Une unité de production de de l’usine Renault de Tanger Med
Après plus de trois ans d’interdiction au marché égyptien des voitures fabriquées par Renault à Tanger Med au Maroc, l’Egypte vient de réviser sa position naguère justifiée par le «non-respect» des règles d’origine (droits antidumping, droits compensateurs, mesures de sauvegarde et marquage de l‘origine) prévues dans l’Accord d’Agadir qui, outre le Maroc et l’Egypte, compte également la Tunisie et la Jordanie, le Liban et la Palestine.
L’information sur la levée de l’interdiction de l’exportation des voitures made in Morocco en Egypte émane du ministre de l’Industrie et du commerce du Maroc, Ryad Mezzour.

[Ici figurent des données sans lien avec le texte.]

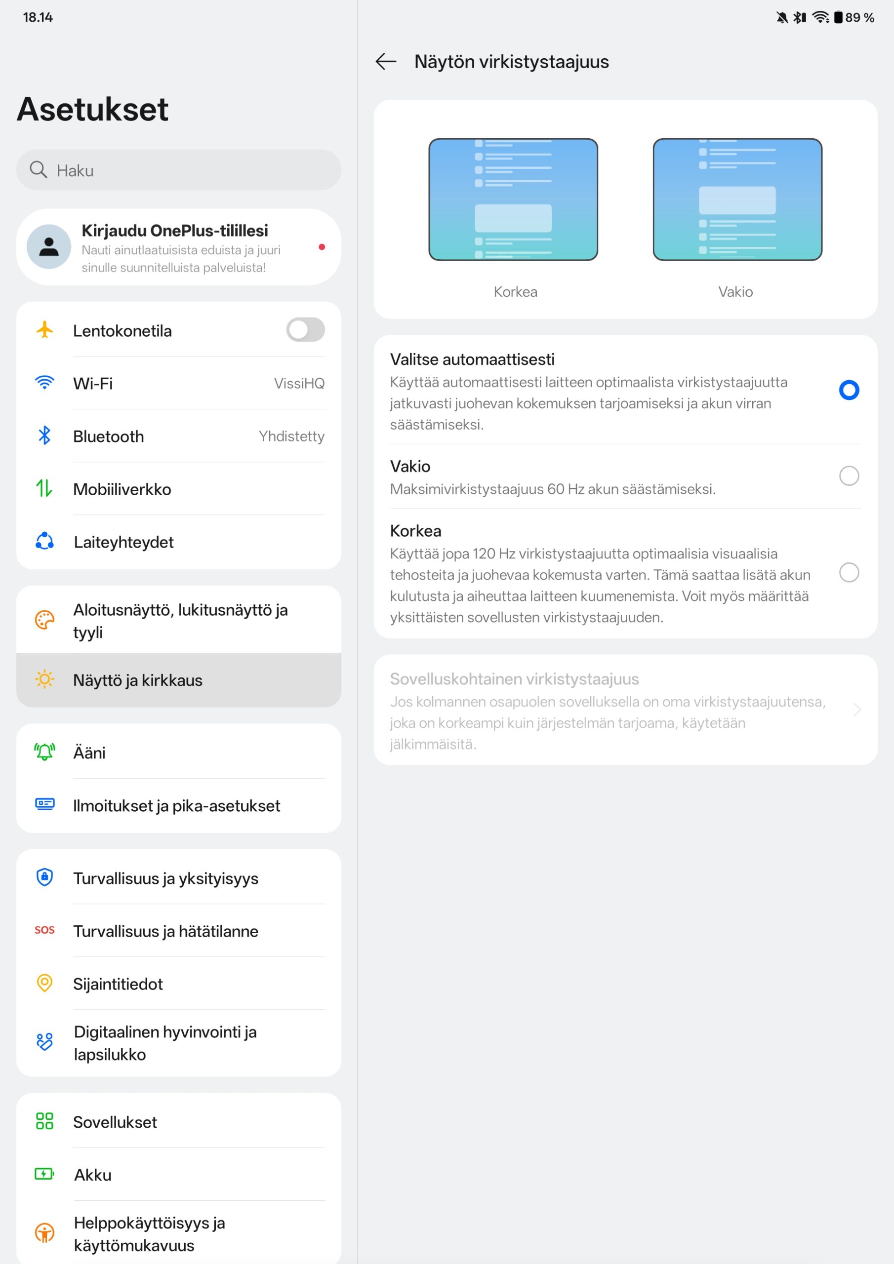 Näytön virkistystaajuus yltää 120 hertsiin, mikä tekee selailusta, sovellusten välillä siirtymisestä ja yleisestä käytöstä sulavaa. OnePlus tukee porrastettua virkistystaajuutta, joten näyttö voi laskea taajuutta sisällön mukaan esimerkiksi 60 tai 90 hertsiin, mikä auttaa myös virrankulutuksen hallinnassa.

Cette réadmission des voitures marocaines sur le marché égyptien intervient après des négociations entre les deux parties ayant abouti à l’aplanissement des obstacles de part et d’autre dans l’exploitation mutuellement avantageuse de l’accord de libre-échange que le Maroc et l’Egypte ont signé en 2004 et mis en application en 2007. D’autres pays arabes de la région Méditerranée en l’occurrence la Tunisie, la Jordanie, le Liban et la Palestine sont également membres de cet accord de commerce, plus connu sous l’appellation: Accord d’Agadir.
A titre de rappel, l’une des clauses de l’Accord d’Agadir est la levée de l’interdiction d’importations des voitures de l’usine de Tanger Med, avec une exonération totale des droits de douane.
Il faut noter aussi que selon le ministre de tutelle, l’Institut marocain de normalisation (IMANOR), un organisme public, est accrédité pour se prononcer sur la mise en place d’un système de contrôle de qualité par les usines et les entreprises marocaines.
Ceci étant, sur le registre des investissements directs étrangers, il faut noter qu’en la matière notamment industriels que le Maroc a capté 77,5 milliards de dirhams, soit environ 8,70 milliards de dollars US entre 1991 et 2000, 249 milliards de dirhams entre 2001 et 2010 et 351,5 milliards de dirhams, soit quelque 39,40 milliards de dollars US entre 2011 et 2020. Une progression géométrique qui s’explique par le dynamisme que connaît le secteur de l’industrie automobile et les autres industries qui lui sont connexes au Maroc.